Le Premier ministre a rappelé que « la santé est la première des batailles ». Le calendrier prévoit une actualisation réglementaire en 2025, puis une évaluation annuelle. Les partenaires techniques ont promis d’aligner leur appui sur cette feuille de route pilotée depuis Brazzaville.
Un calendrier réformateur sous surveillance
Pour suivre les progrès, le CNS mettra en ligne un tableau de bord affichant taux de couverture vaccinale, disponibilité des médicaments et répartition géographique du personnel. Les données seront publiques, une première qui devrait nourrir recherche académique, innovation entrepreneuriale et vigilance citoyenne.

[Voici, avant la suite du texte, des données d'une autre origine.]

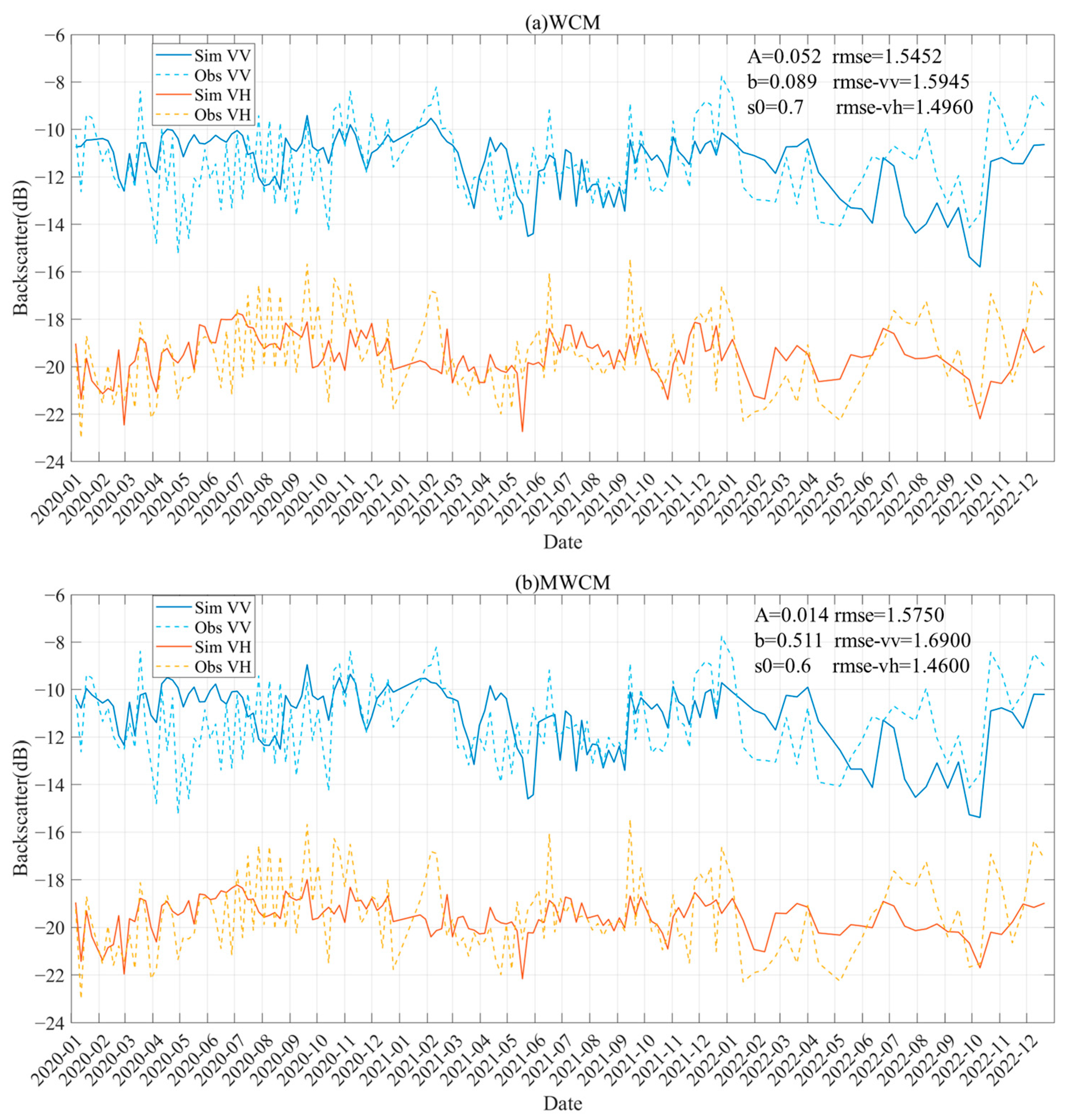 - Park, S.E.; Jung, Y.T.; Cho, J.H.; Moon, H.; Han, S.H. Theoretical Evaluation of Water Cloud Model Vegetation Parameters. Remote Sens. 2019, 11, 894. [Google Scholar] [CrossRef]
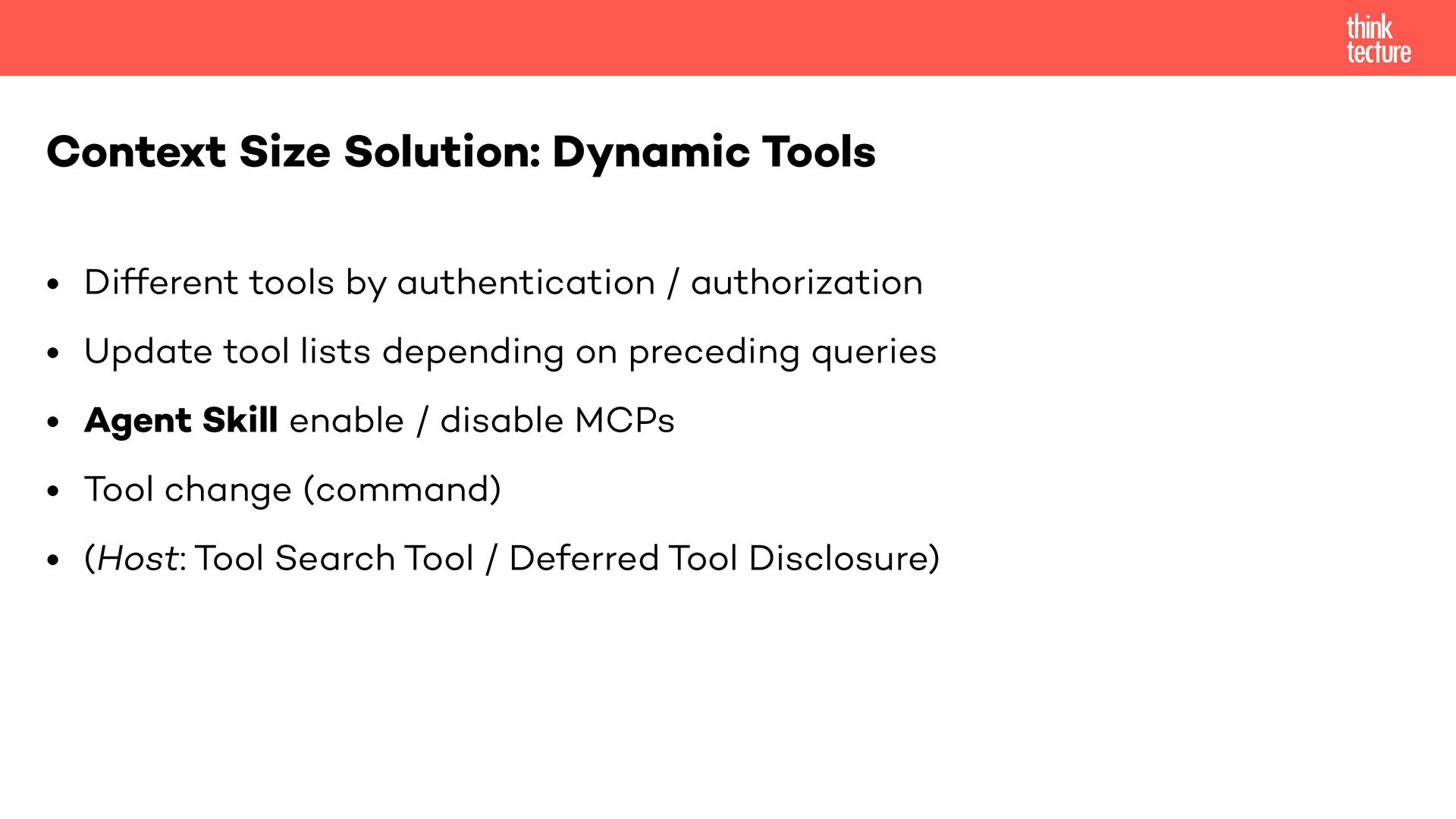lists depending on preceding queries • Agent Skill enable / disable MCPs • Tool change (command) • (Host: Tool Search Tool / Deferred Tool Disclosure) Context Size Solution: Dynamic Tools
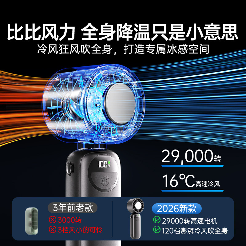 制冷小空调]风扇手持小型小迷你便携超长续航usb充电冰敷风扇折叠挂脖静音学生桌面宿舍户外降温神器2026新款
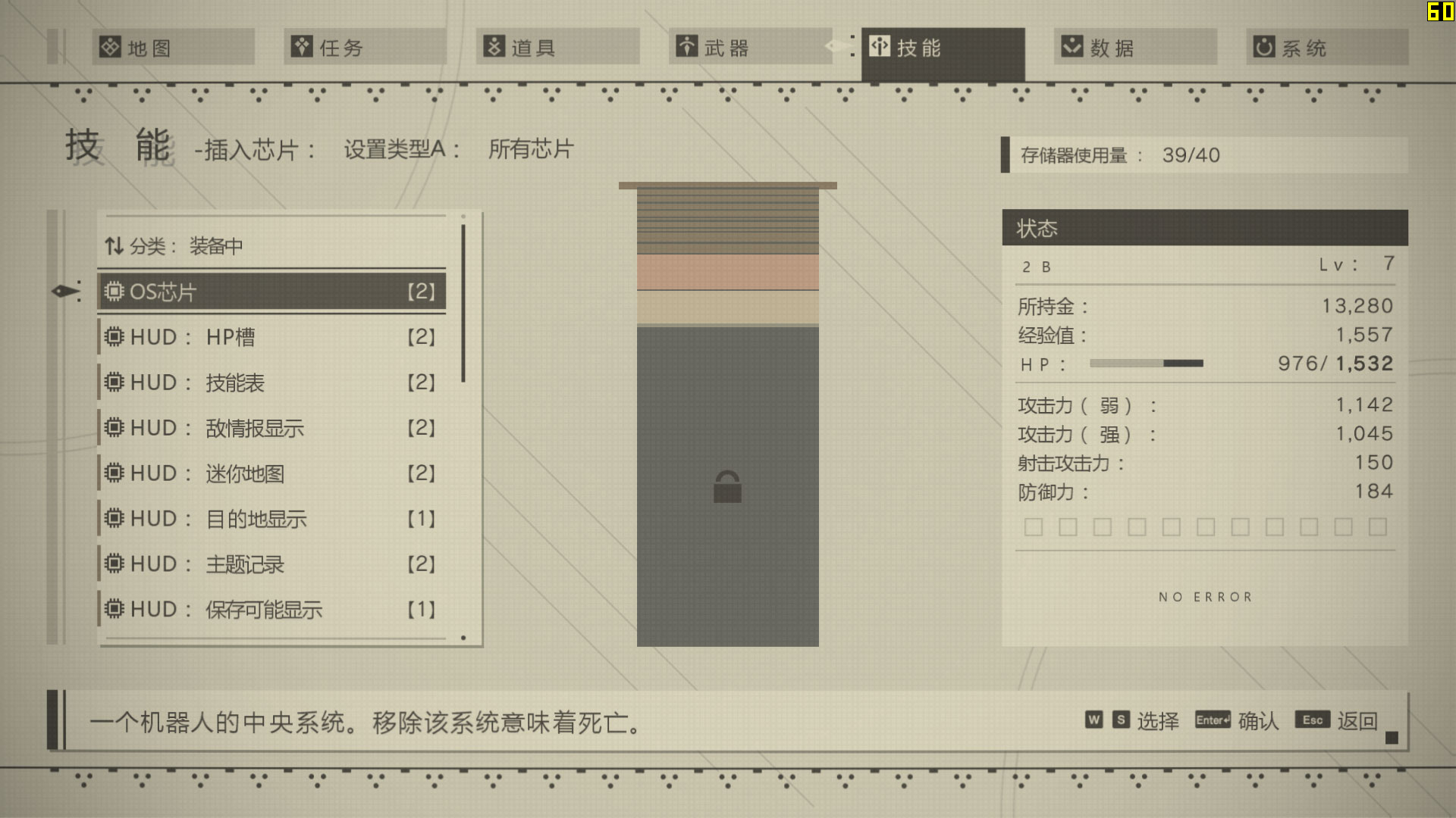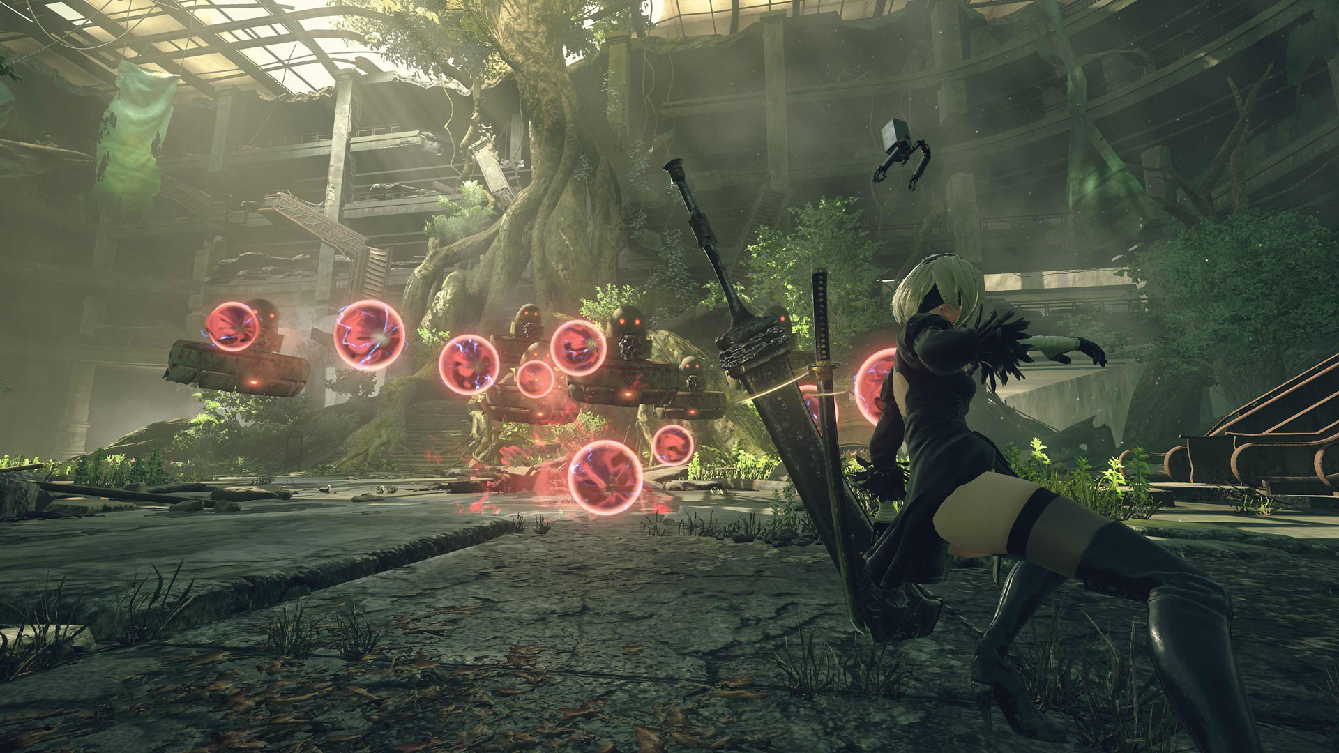 游戏的系统也极具探索性,不同种类的武器和不同招式的排列组合都赋予了2B小姐姐不一样的特色。形态各异的机械Boss也有着不同的攻击方式和自身弱点,保证了游戏新鲜感的同时又有着适当的难度和解谜。多种难度更是赋予游戏更强的生命力,再加上系列一贯的多周目设定,更是延长了游戏的在线时间。
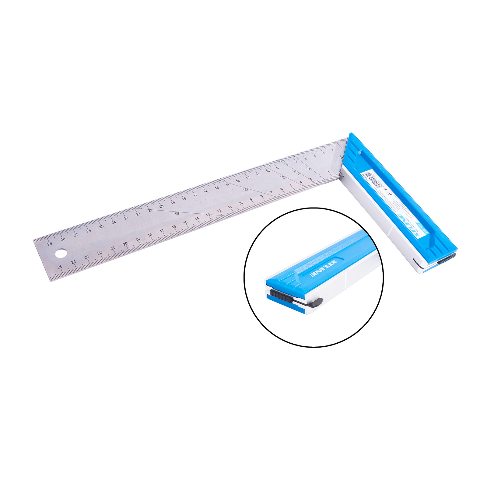 Praktický příložný úhelník s přesným metrickým značením s výbornou čitelností, nerezovým pravítkem a držadlem z kvalitní slitiny hliníku a plastu. Zabudovaný výsuvný doraz v držadle nabízí vynikající komfort a přesnost při práci bez nutnosti přidržovat úhelník rukou (90°). Pravítko má předznačené úhly 15°, 22,5°, 30°, 45° a 60°.
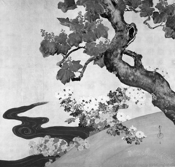 Сакаи Хоицу. Хризантемы и павловния. Кон. XVIII – нач. XIX в.

Les observateurs notent toutefois que la réussite dépendra de la rapidité de décaissement des budgets et de la coordination interministérielle. En attendant, l’optimisme domine : le CNS réaffirme que l’équité en santé n’est pas un slogan, mais une condition de la cohésion nationale.
Perspectives régionales
Dans les départements, les conseils sanitaires départementaux disposeront désormais d’indicateurs propres pour suivre la mortalité maternelle et la prévalence du paludisme. Ces tableaux locaux doivent guider la planification budgétaire et favoriser la mutualisation des ambulances entre districts voisins, limitant les dépenses superflues.
Le Pr Ibara assure qu’un mécanisme de solidarité inter-départements viendra compenser les écarts fiscaux. « Nous voulons un système où les ressources suivent les besoins et non l’inverse », explique-t-il, promettant une revue semestrielle à l’Assemblée nationale pour maintenir l’élan politique.